Although the creek’s native name Latah means “fish” in Nez Perce, few remain in Hangman Creek. As a result of the region’s long history of agriculture, fish habitat has gone through dramatic changes in the last century. While Hangman Creek once had healthy populations of native redband trout, salmon, and steelhead, the alterations made to vegetation patterns and channels to accommodate farming, as well as increased sediment and temperature in the river has resulted in heavily reduced populations of trout, and near nonexistent populations of other game fish.
These problems have been exacerbated by the proliferation of domestic permit exempt wells, and the over allocation of water rights.
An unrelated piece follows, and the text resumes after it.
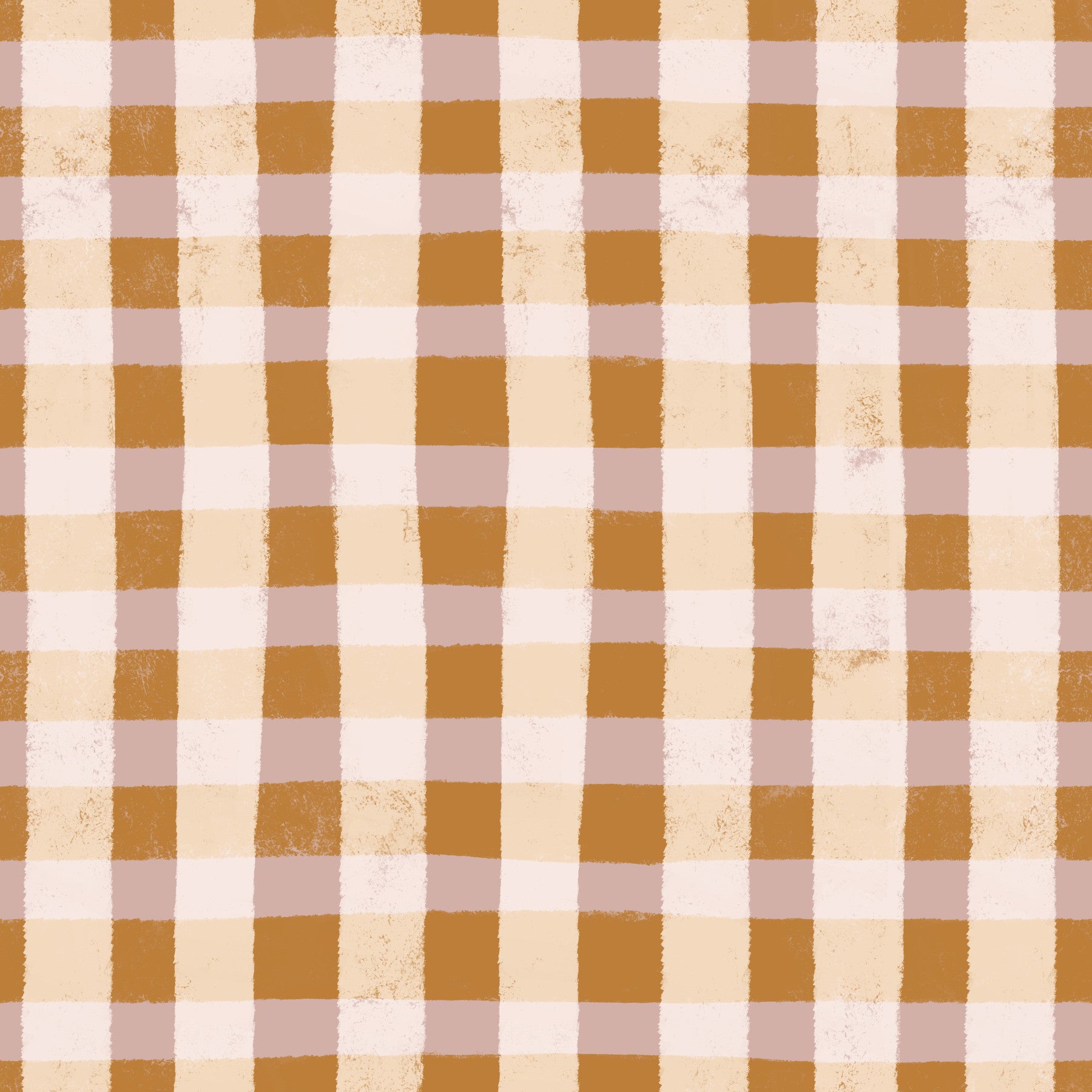 A warm-toned wallpaper featuring rustic gingham checks that evoke a homely, country vibe.

Ecology’s Water Availability Report states that the Department of Fish and Wildlife has limited most surface water sources in Hangman Creek through Surface Water Source Limitations, and that the majority of water has already been appropriated.
An instream flow rule for WRIA 56 is crucial to the future of Hangman Creek to protect critical fish habitat and combat worsening water quality, yet none exists. The Hangman Creek Watershed Planning Unit was unable to come to a consensus on exact values for instream flow recommendations by the time their 2005 Watershed Management Plan was published, but agreed that they wanted an instream flow rule. What’s more, their plan stated that they would notify Ecology if a consensus could not be reached in the next phase of planning, and expected Ecology to complete the process and enact a rule if necessary.
Despite the completion of an instream flow study on Hangman Creek, no rule exists for WRIA 56, and information on the current status of rulemaking is sparse. Although setting instream flows will not solve Hangman Creek’s severe pollution and erosion issues, it is critical to preserve what little water remains, as population growth predictions and increased demand for water resources only point to more issues in the future. As acknowledged by the WRIA 56 planning unit, rulemaking is ultimately the responsibility of the Department of Ecology. CELP urges Ecology to act now to develop an instream flow rule to protect the Hangman Creek watershed.